**PROBLEM REQUIREMENTS:** Verbatim output, no pictures: the lines from the beginning of the material through the line with "This result suggests", both ends kept.

**STUDY MATERIAL:**
○ ○ ○ ○ ○ ○ ○
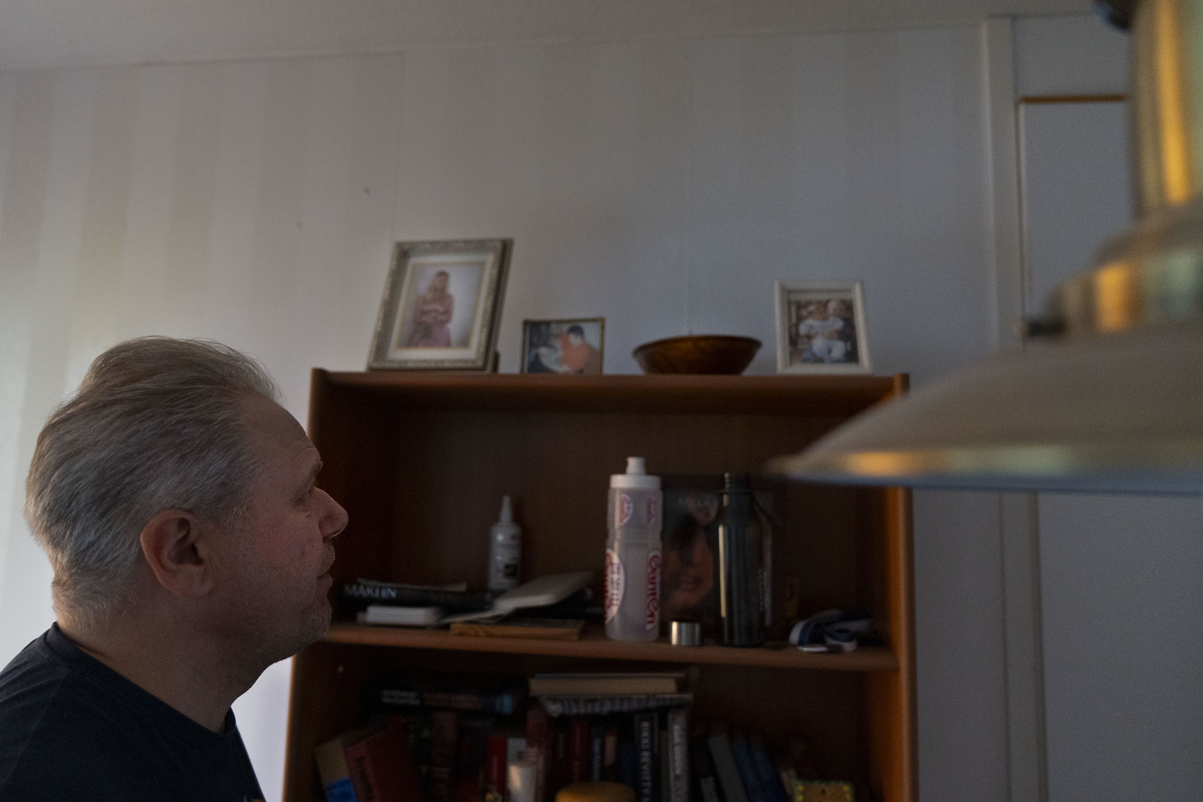 Kertoessaan väleistään nuorimman lapsen kanssa Mikon kasvoille nousee pieni hymy – ainut haastattelun aikana.
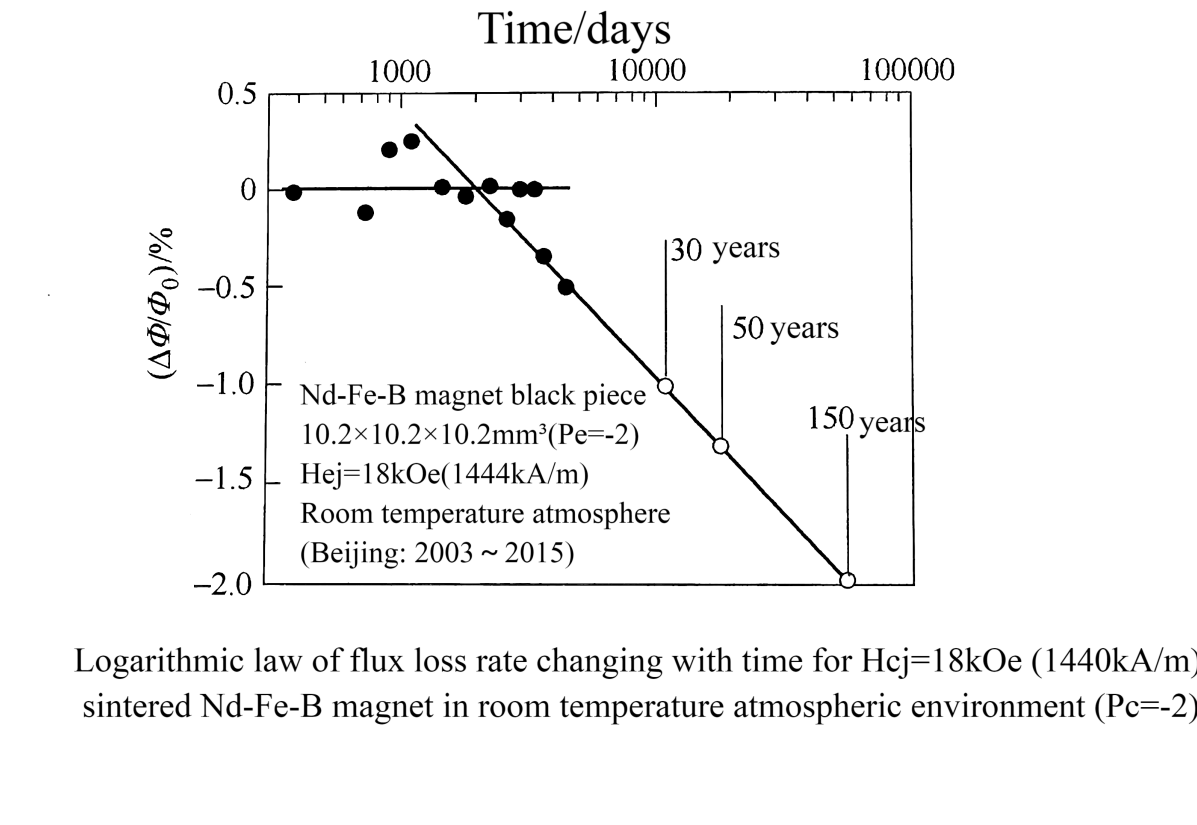 This result suggests that if the lifespan of a magnet is defined by a 5% loss rate in magnetic flux, even uncoated sintered NdFeB magnets still have a remarkably long life, conservatively estimated between 30-50 years.
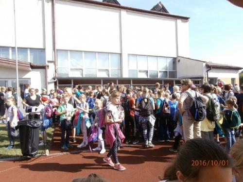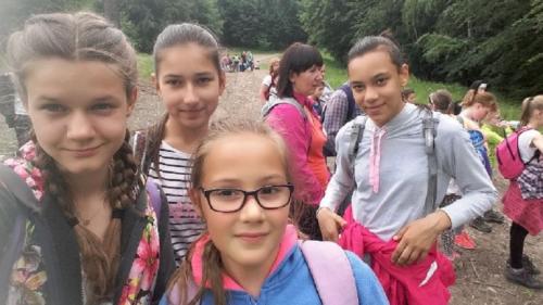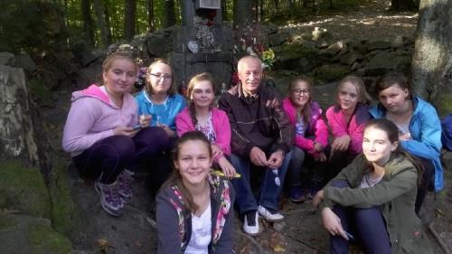 Na mecie zostaliśmy bardzo ciepło przywitani przez organizatorów czyli Starostwo Powiatowe i PTTK Podbeskidzie. Po posiłku uczestnicy brali udział w Powiatowym Konkursie wiedzy o powiecie bielskim. Paulina Tlałka znalazła się w ścisłym finale tego konkursu. Organizatorzy zaprosili nas do udziału w Jubileuszowym Jesiennym Rajdzie Kozy' 2016. Jeszcze raz okazało się, że w takich imprezach biorą udział setki uczniów naszego powiatu, że góry łączą ludzi. Jesienny Rajd odbył się w dniu 1 października. Początek to Lipnik Granica, a dalej czarnym szlakiem przeszliśmy na Przełęcz u Panienki, która znajduje się w bliskości Chrobaczej Łąki. Nazwa pochodzi od kapliczki z przedstawieniem Najświętszej Maryi Panny. Kapliczka została ufundowana przez Juliusza Beinlichta w 1884 roku, jak głosi tradycja z wdzięczności za cudowne ocalenie życia przed wilkami. Ma ona formę kamiennego obelisku z obrobionych bloków piaskowca. Na północnych stokach przełęczy znajduje się Źródło Maryjne, a w 30 minut szlakiem czerwonym można dojść do szczytu Chrobacza Łąka. Nazwa pochodzi od polany, a ta z kolei od popularnego w okolicy nazwiska Chrobaka. Ze szczytu widać panoramę Beskidu Małego z Górą Żar, Beskidu Śląskiego, a przy dobrej widoczności zobaczymy Babią Górę i Tatry Zachodnie.
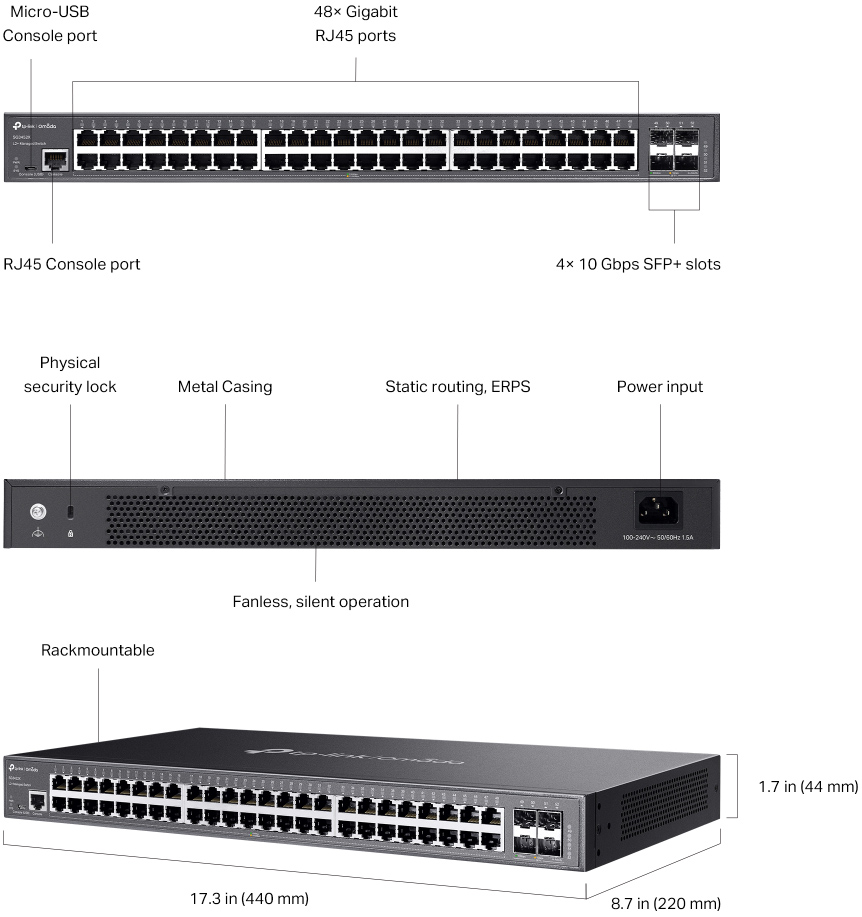 | Omada 48-Port Gigabit L2+ Managed Switch with 4 10GE SFP+ Slots, 19-inch Rack-mountable Steel Case | |
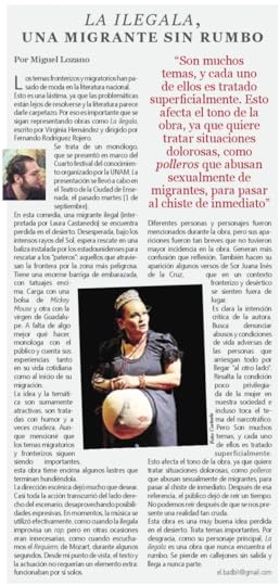 La idea y la temática son sumamente atractivas, son tratadas con humor y a veces crudeza. Aunque mencioné que los temas migratorios y fronterizos siguen siendo importantes, esta obra tiene encima algunos lastres que terminan hundiéndola. La dirección escénica dejó mucho que desear. Casi toda la acción transcurrió del lado derecho del escenario, desaprovechando posibilidades expresivas. En momentos la música se utilizó efectivamente, como cuando la ilegala improvisa un rap, pero en otras ocasiones eran innecesarias, como cuando escuchamos el Requiem de Mozart durante algunos segundos. Desde mi punto de vista, el texto y la actuación no requerían un elemento extra: funcionaban por sí solos.
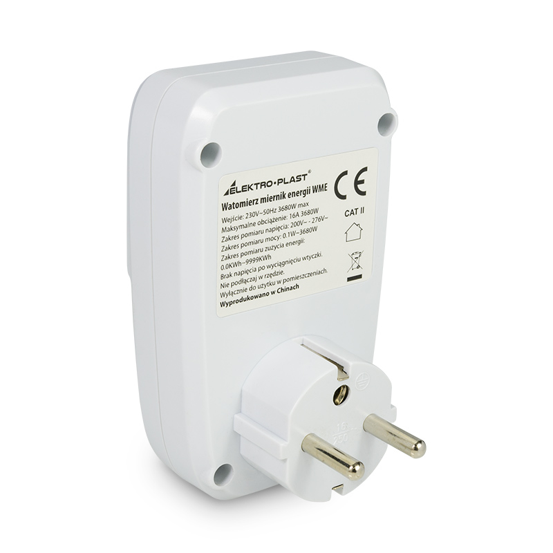 - Watomierz miernik energii WME, 230V~, 16A, 3680W, ekran LCD, koszt w €/KWh
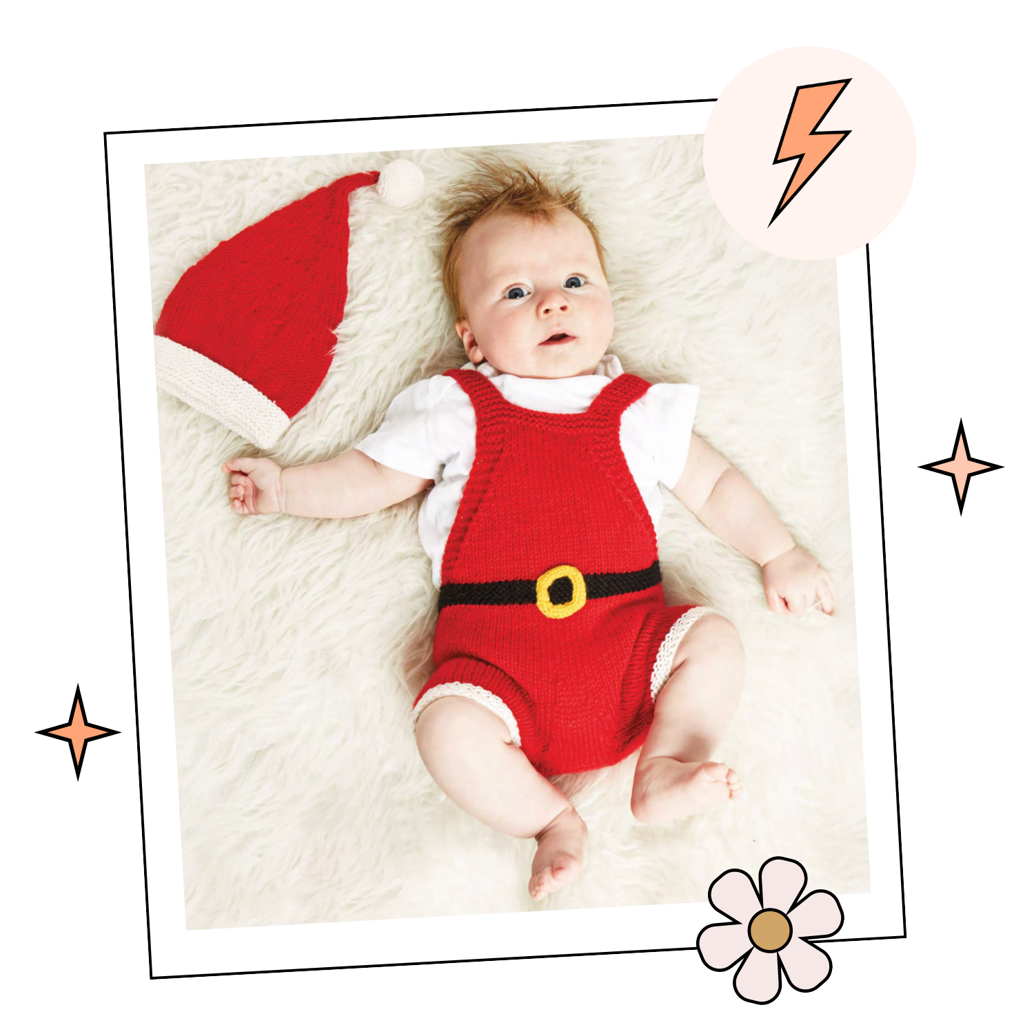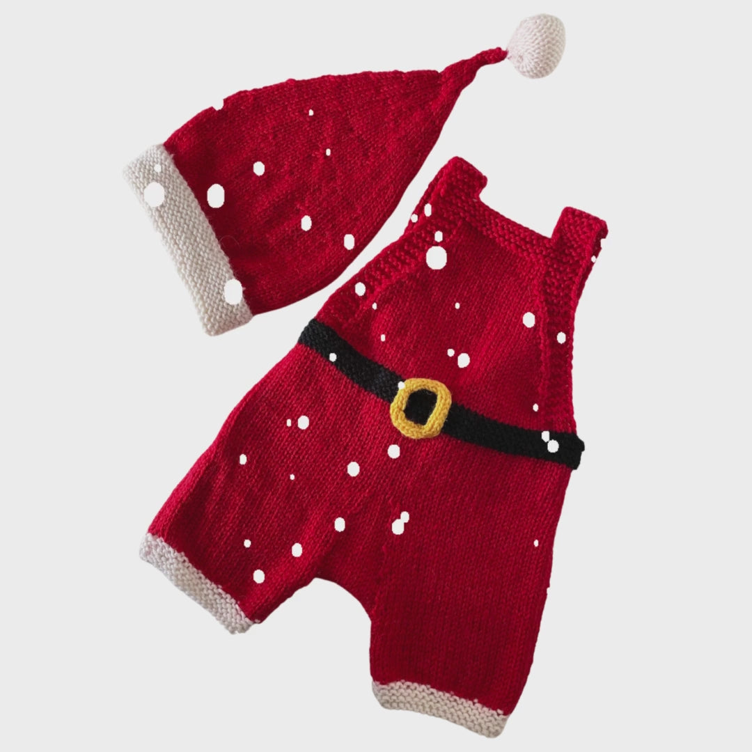 Santa Claus, Baby Christmas Romper & Hat Set - Knitting Pattern
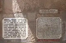 In 1831, the East India Company officer William Elliott made a facsimile of the inscription. Based on this facsimile, in 1834, James Prinsep published a lithograph in the Journal of the Royal Asiatic Society of Great Britain and Ireland. However, this lithograph did not represent every single word of the inscription correctly.[12] Some years later, British engineer T. S. Burt made an ink impression of the inscription. Based on this, in 1838, Prinsep published an improved lithograph in the same journal, with his reading of the script and translation of the text.[12][13]
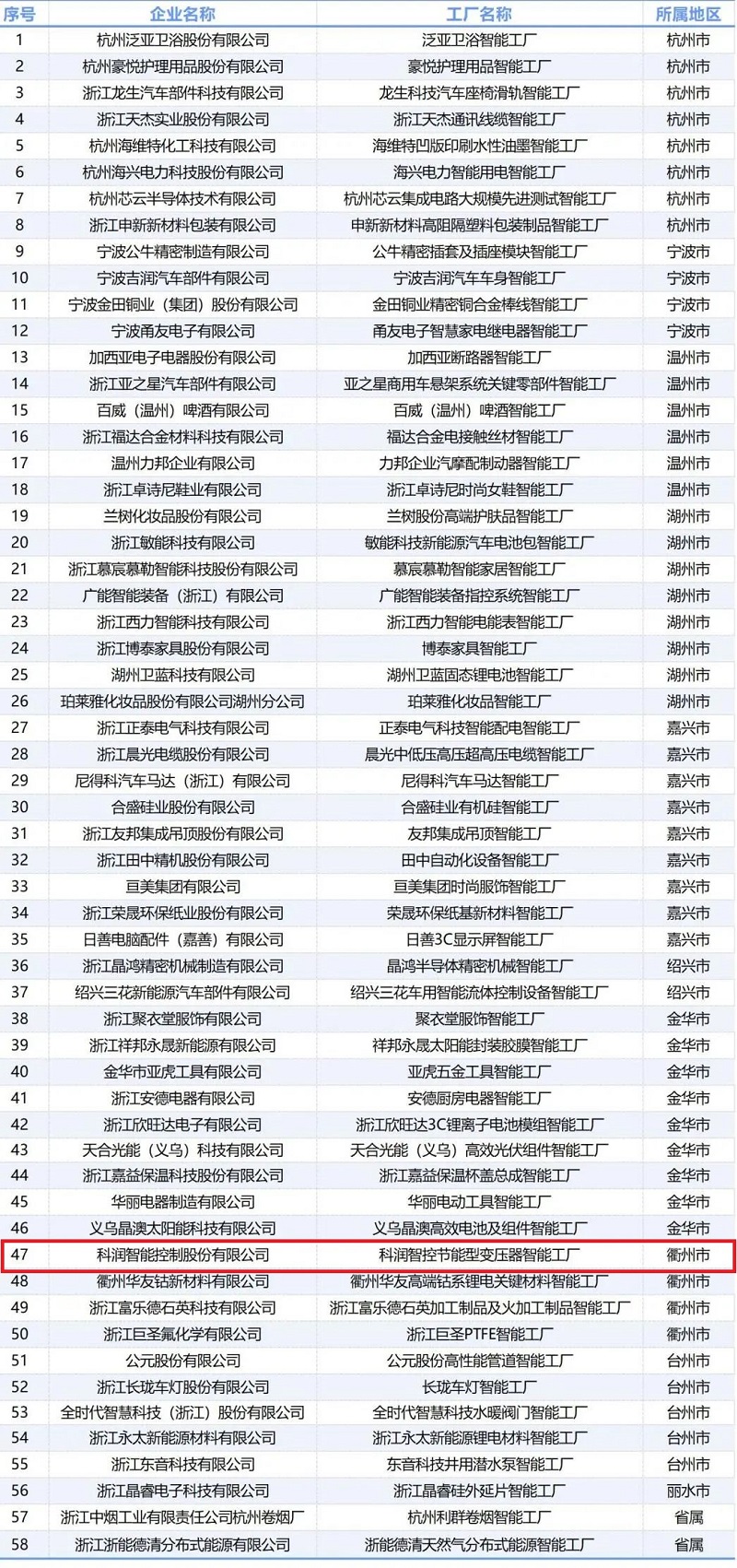 根據《關于開展2023年浙江省未來工廠和智能工廠(數字化車間)評定及首批復評工作的通知》,經企業自主申報、地方推薦和專家評審,確定“科潤智控節能型變壓器智能工廠”為省級智能工廠。
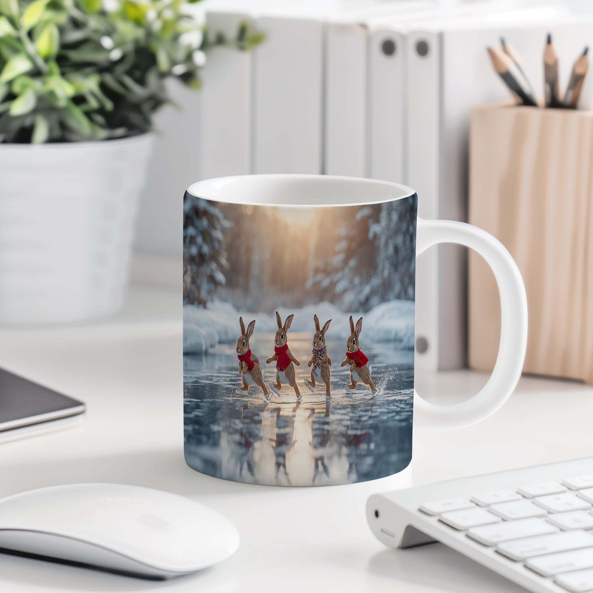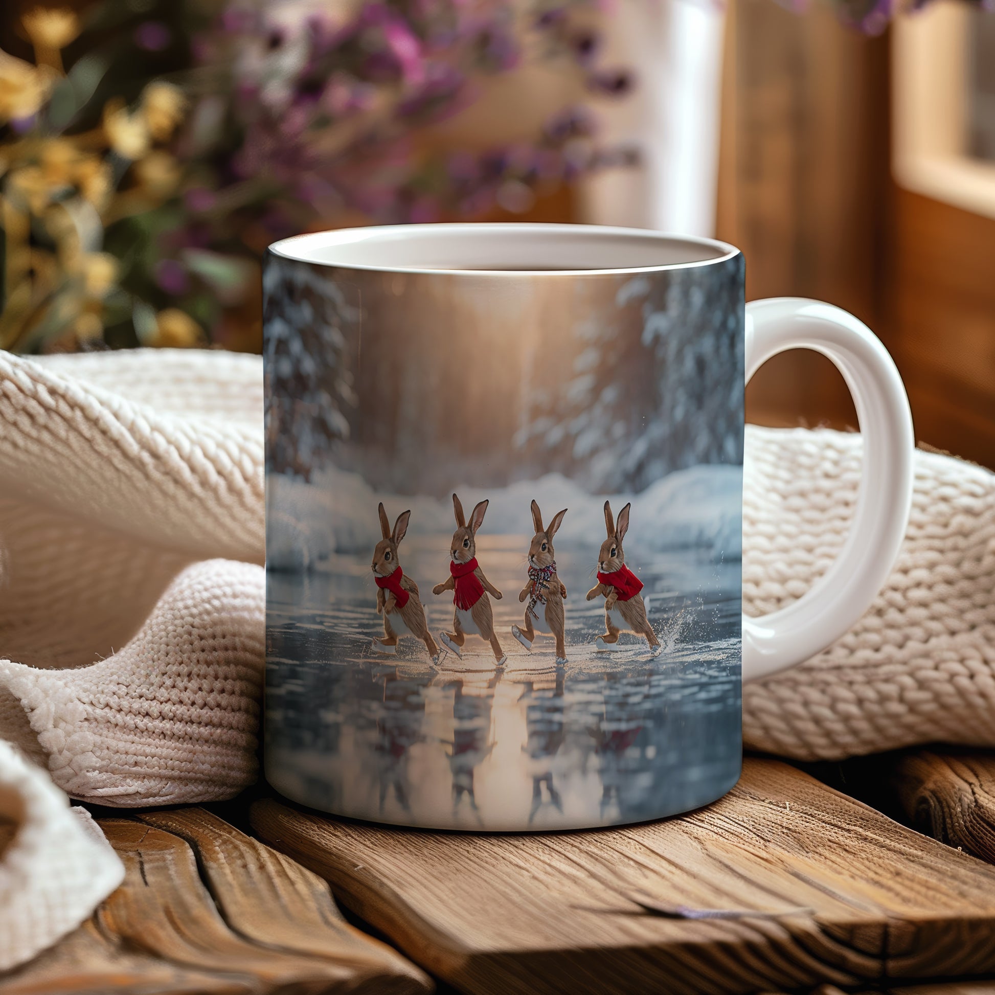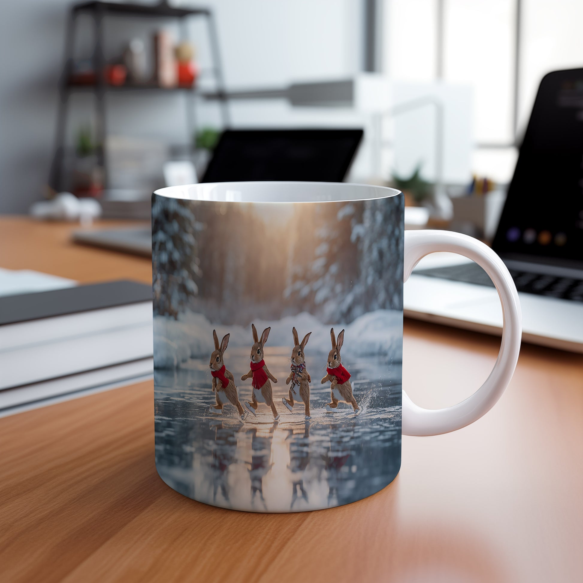 Hrnek zobrazuje čtyři zajíčky v červených šálách, jak bruslí na zamrzlém jezeře. V pozadí je zimní les s jemným světlem zapadajícího slunce. Hrnek 330ml – vhodný do myčky i mikrovlnky.
○ ○ ○ ○ ○ ○ ○
**RESPONSE:**
 Kertoessaan väleistään nuorimman lapsen kanssa Mikon kasvoille nousee pieni hymy – ainut haastattelun aikana.
 This result suggests that if the lifespan of a magnet is defined by a 5% loss rate in magnetic flux, even uncoated sintered NdFeB magnets still have a remarkably long life, conservatively estimated between 30-50 years.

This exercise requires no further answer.